Fluffy are Kitties
Fluffy are Kitties!
Wednesday 3C
Convener: Sarah S., Justin R.
Notes-taker(s): William Kim
Tags for the session - technology discussed/ideas considered:
Discussion notes, key understandings, outstanding questions, observations, and, if appropriate to this discussion: action items, next steps:
Inverse of ‘Kittens are Fluffy’ sessions held at previous IIW’s
As opposed to someone using their corporate identity to express potentially controversial opinions not representative of the company but still linked to the company since the person uses their corporate account, what happens when someone, e.g. Secretary of State, uses personal channels of communication to do their professional work?
Discussion was mainly in the context of corporate email and calendar.
Talked about challenges of trying to manage personal and work contexts on mobile devices.

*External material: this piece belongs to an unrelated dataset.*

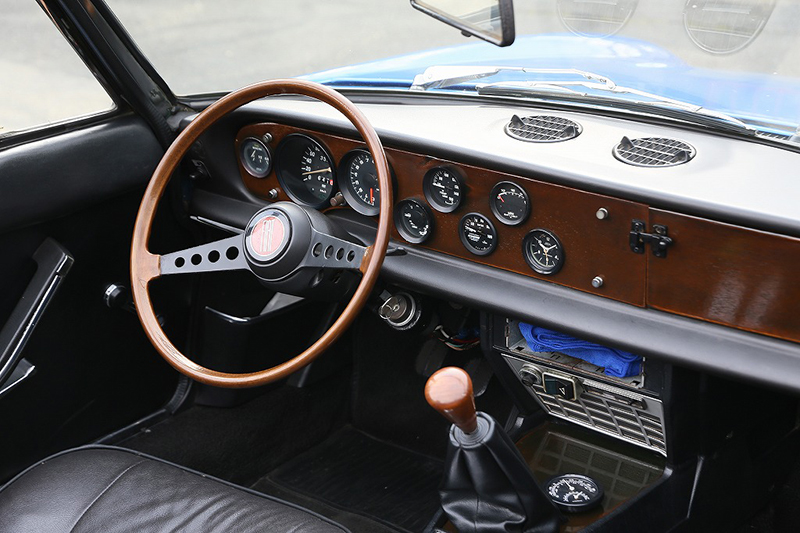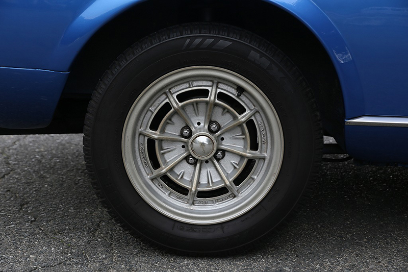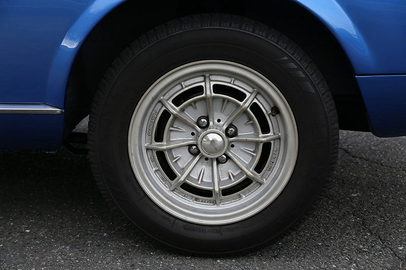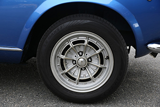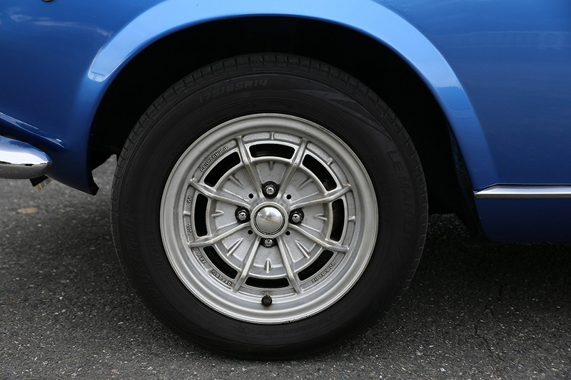 ホイールは貴重な当時物のカンパニョーロ製マグネシウムホイール。クラシックイタリア車らしい雰囲気を一層高めています。

Calendaring, separating work and personal spaces as different accounts or different identities
Crossover of personal to work, and vice versa
You own your identity, but when you get fired, you lose your corporate identity
What about sensitive information in textual content of the calendar events?
Free/busy calendar information cross over
DLP voodoo magic solution? Protect corporate-specific calendar information within the firewall – once user is fired or quits, no longer has access
What about offline or remote access?
Having access to corporate calendar only on the network leads some to forsake using it at all.
Corporate email policy around email retentions. Personal workarounds to archiving email, i.e. run own mail server.
ENFORCEMENT (or loose nature of it) is what allows this kind of situation to happen. Mostly self-enforcement: “Don’t be an idiot”.
Email is still viewed as ‘technology’
Sunshine laws/transparency vs. Classified/Confidential information
Data retention for liability or to mitigate liability
Defining a ‘record’ for technology
Self-enforcement (“Don’t be an idiot model”) is a practical solution response to a complicated policy system that may not be understood or tractable otherwise. No policy system is perfect though.
Software systems (email and calendar), and hardware systems (BYOD)
Software/hardware stack on client device Vs. Server
Weird BYOD stuff kinda acquiesced by corporations, but Cloud is a different story.
Isolation of environments using VMs, user experience issues?
NDA’s with a customer while using Gmail
Using paid service transfers some liability? As opposed to free service or hosting your own service
American view of identity is highly fragmented? Expectations to act certain ways in certain contexts. “Roles”
Socio-normative controls
What are the consequences? Why is there no real crackdown? Because expectations are still emerging.
Where to shape the privacy bubble around people and around digital identities
Alignment to privacy expectations, in corporate sense NDAs/IPRs, but perfect alignment not desired. We still want whistleblowers and whatnot.